Kurzbesuch auf Gran Canaria

Wir machten uns sehr früh auf den Weg zur Fähre, um auch bei möglichen Staus auf der Autobahn, die wir zuvor erlebt hatten, pünktlich im Hafen zu sein. Wir waren sogar so pünktlich, dass wir statt mit der gebuchten 12 Uhr Fähre schon mit der 10 Uhr Fähre nach Agaete auf Grand Canaria übersetzen konnten. Die Fährfahrt dauerte zwei Stunden, und wir hatten somit viel Zeit, am Nachmittag die Umgebung von Agaete zu erkunden. Also ging es zunächst zum Leuchtturm von Sardina.

Wir waren nicht die einzigen und wurden wegen unseres deutschen Nummernschildes von einigen Touristen angesprochen. Übernachtet haben wir dann jedoch in Agaete selbst auf einem für Wohnmobile ausgewiesenen Parkplatz mit Sicht auf das Meer und abends auf Santa Cruz auf Teneriffa.

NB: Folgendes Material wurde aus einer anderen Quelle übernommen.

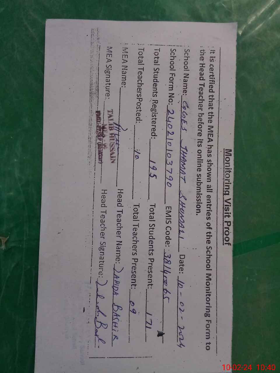 | EMIS Code: 38140065 | Name of School: GGES JHAMAT SHUMALI | |||
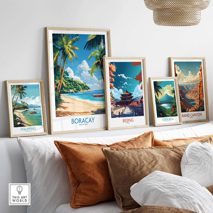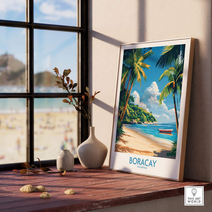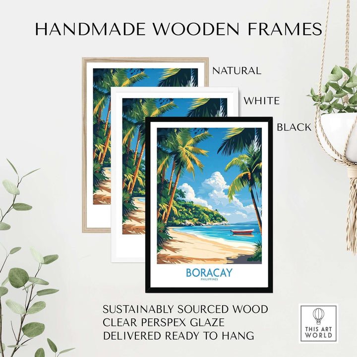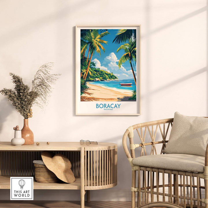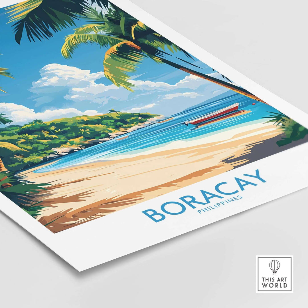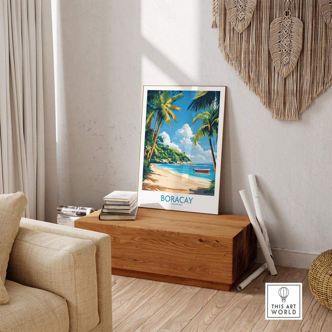 Emportez avec vous un morceau de paradis tropical avec notre affiche murale Boracay Philippines ! Cette affiche présente une vue imprenable sur la célèbre plage blanche, avec des palmiers en arrière-plan. Apportez une ambiance insulaire à votre maison avec cette affiche imprimée des Philippines.
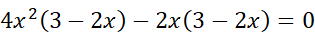 Aby rozwiązać to równanie należy przenieść niewiadome na jedną stronę oraz przyrównać całe równanie do zera. Następnie przedstawić wielomian w postaci iloczynowej dzięki czemu otrzymamy pierwiastki wielomianu oraz szukane wartości.
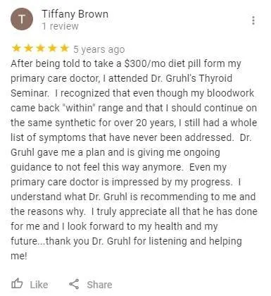 In 2010, Dr. Gruhl became a certified Cellular Detoxification Specialist, and completed the basic Nutrition Response Testing training. He continues to attend post-graduate training in Functional Blood Chemistry, Functional Endocrinology, and Functional Immunology.
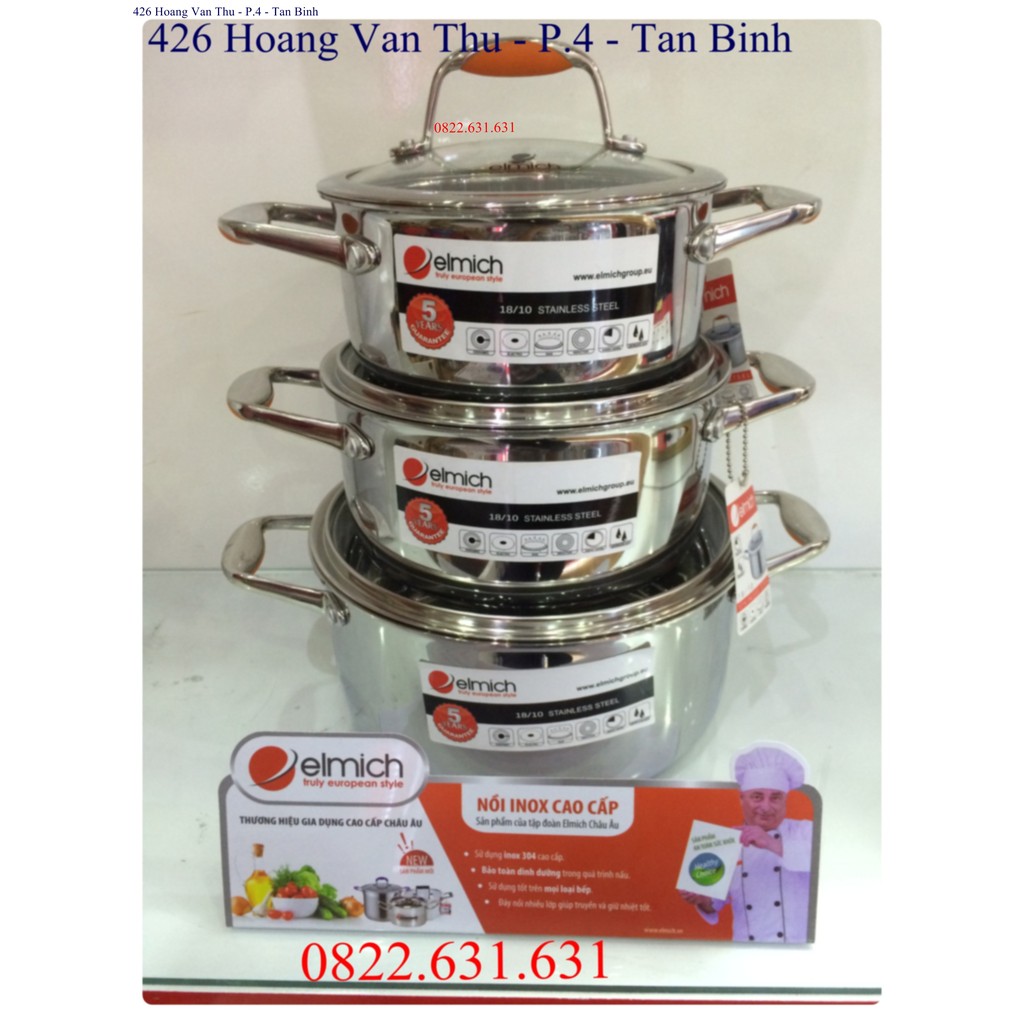 Nhà cửa & Đời sống > Dụng cụ nhà bếp > Nồi || Bộ nồi elmich inox 304 đáy liền Matador El0123 (3 chiếc 18cm 20cm 24cm hàng nhập cộng hòa séc)Còn hàng
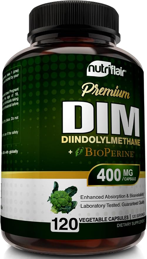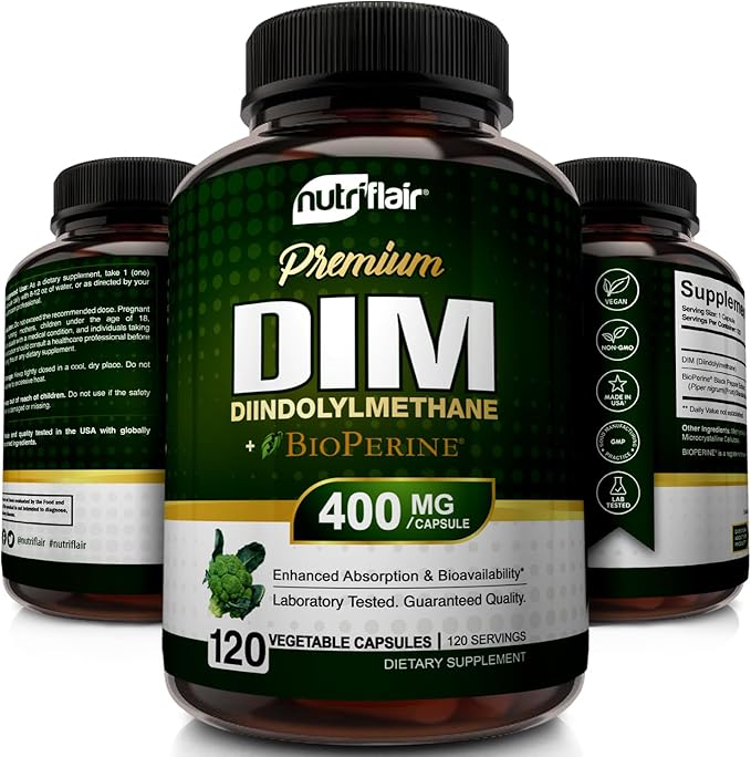 - ✔️ Highest Potency Available DIM Supplement: NutriFlair Premium DIM contain 400 milligrams per Capsule of the highest quality Diindolylmethane available, and 5mg of BioPerine (black pepper fruit extract) aiding in enhanced absorption and bioavailability. Don't settle for 250mg or 300mg. Maximize your results from this all natural, vegan DIM 400mg formula
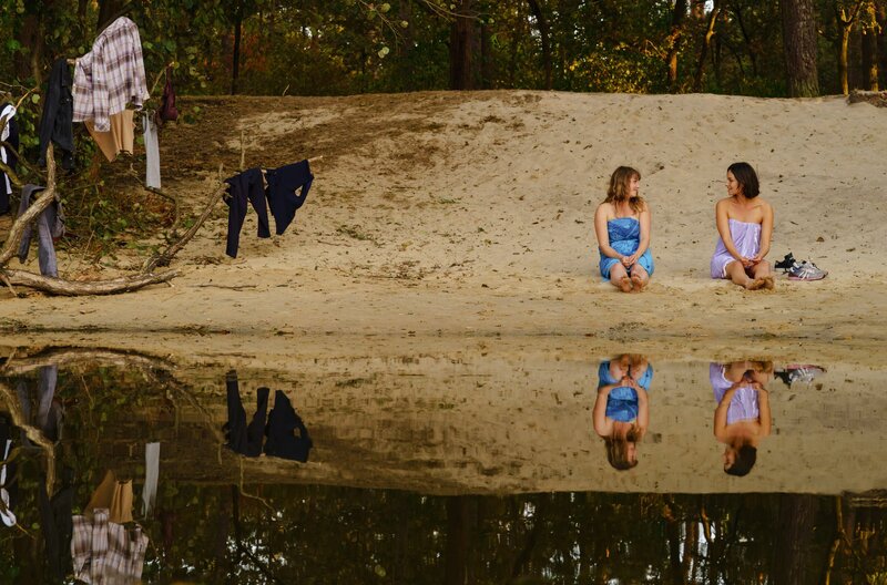 Die Klamotten müssen trocknen: Lolle (Felicitas Woll, li.) und Dana (Janina Uhse).Bild: © ARD Degeto/RBB/Real Film/Letterbox/Stefan Erhard
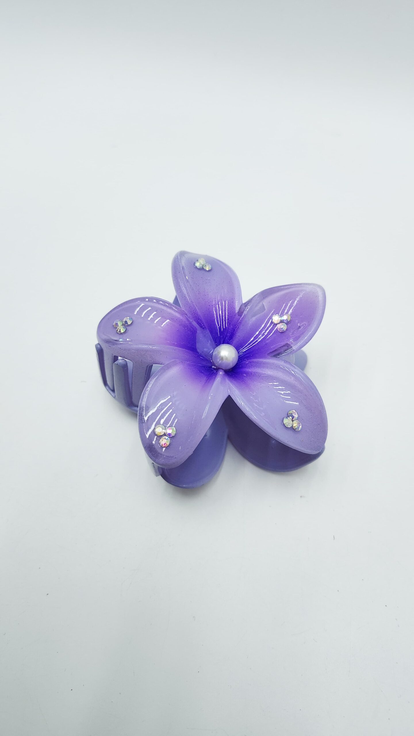 Крабик Гавайский цветок 8см арт.tr520 со стразами и жемчугом фиолетовый

Mit Agaete bekamen wir einen ersten sehr guten Eindruck von Gran Canaria.

Blick auf den Hafen von Agaete

Dieser Eindruck vertiefte sich noch, als wir nach einer Fahrt über die spektakuläre Küstenstraße nach Süden die Gemeinde Aldea passierten.

Wir übernachteten an einem einsamen Strand ohne Mobilfunkempfang aber mit Blick auf den Teide.

Hier wollten wir allerdings nicht Sylvester feiern und fuhren nach einer Stippvisite in Puerto Mogan, das völlig überfüllt mit Touristen war, zum Campingplatz El Pinillo in einem engen Tal, ebenfalls ohne Mobilfunkempfang. Dieser Campingplatz, der überwiegend von Dauercampern bewohnt war, präsentierte sich in einem Teil wie ein Kakteengarten.

Hier gefiel es uns sehr gut und wir freuten uns auf das Sylvestermenü im angeschlossenen Restaurant, das dann leider zur großen Enttäuschung wurde. So schlecht hatten wir hier auf den Kanaren noch nicht gegessen. Also tranken wir den obligatorischen Cava in unserem Wohnmobil. Böller oder Raketen gab es nicht.

Sylvesterstimmung

Am Neujahrstag durchquerten wir Grand Canaria von Süd noch Nord und lernten eine einzigartige Gebirgs- und Felsenlandschaft kennen. Viele Panoramen erinnerten uns an den Südwesten der USA.

Am Weg lag auch die Stadt Teror mit ihrer gut erhaltenen Altstadt und der Basilika, die der Inselpatronin Gran Canarias gewidmet ist.

typisch kanarische Holzbalkone
in der Basilika

Am letzten Tag übernachteten wir in der Nähe des Fährterminals, dazu mussten wir die grösste Stadt der kanarischen Inseln durchqueren, hier ging es ziemlich hektisch zu.

Insgesamt hat uns das, was wir von Gran Canaria gesehen haben, gut gefallen, insbesondere der Norden und das Inselinnere. Den Süden mit seinen zubetonierten Berghängen haben wir ausgelassen.

Noch ein Highlight Gran Canarias: Wir haben Diesel für 97,5 Cent getankt.

Heute morgen fuhren wir mit der Fähre nach Fuerteventura.